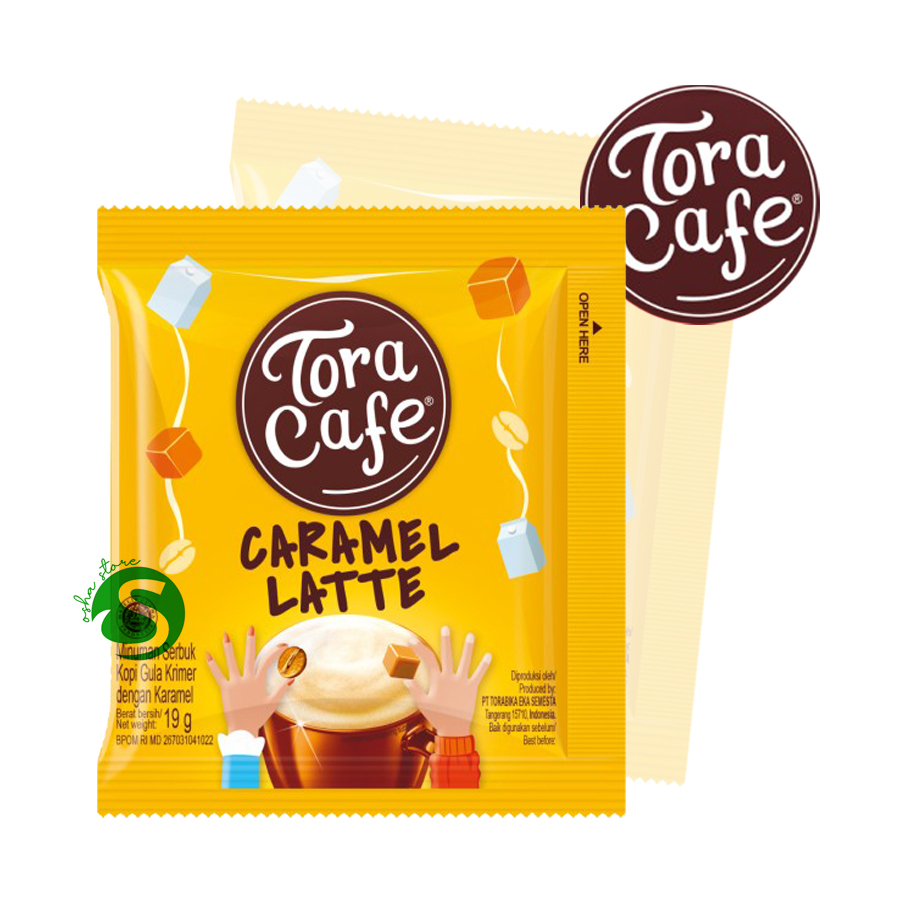 Toracafe Caramel Latte renceng, perpaduan antara campuran kopi instan yang wangi dengan susu manis dan lezat yang memberikan keistimewaan untuk menikmati rasa kopi. Cita rasa susu kopi Latte yang super creamy
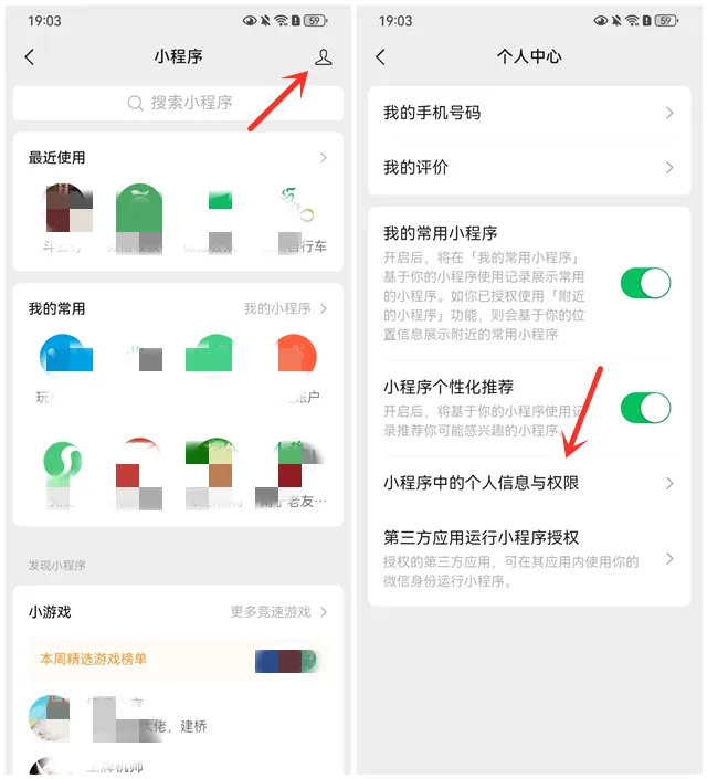 1、在手机微信中点击“发现 – 小程序”,然后点击右上角的“小头像”图标,并点击“小程序中的个人信息与权限”,就可以看到自己微信都授权了哪些小程序。
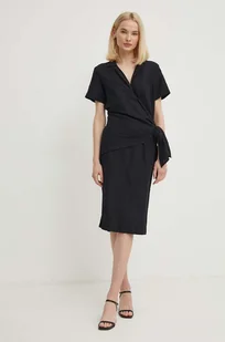 Sisley sukienka lniana kolor czarny midi prosta

#### WHAT THE TASK REQUIRES
The whole listing is to be retyped exactly, with its pictures removed.

#### ANSWER TO THE PROBLEM
 Toracafe Caramel Latte renceng, perpaduan antara campuran kopi instan yang wangi dengan susu manis dan lezat yang memberikan keistimewaan untuk menikmati rasa kopi. Cita rasa susu kopi Latte yang super creamy
 1、在手机微信中点击“发现 – 小程序”,然后点击右上角的“小头像”图标,并点击“小程序中的个人信息与权限”,就可以看到自己微信都授权了哪些小程序。
 Sisley sukienka lniana kolor czarny midi prosta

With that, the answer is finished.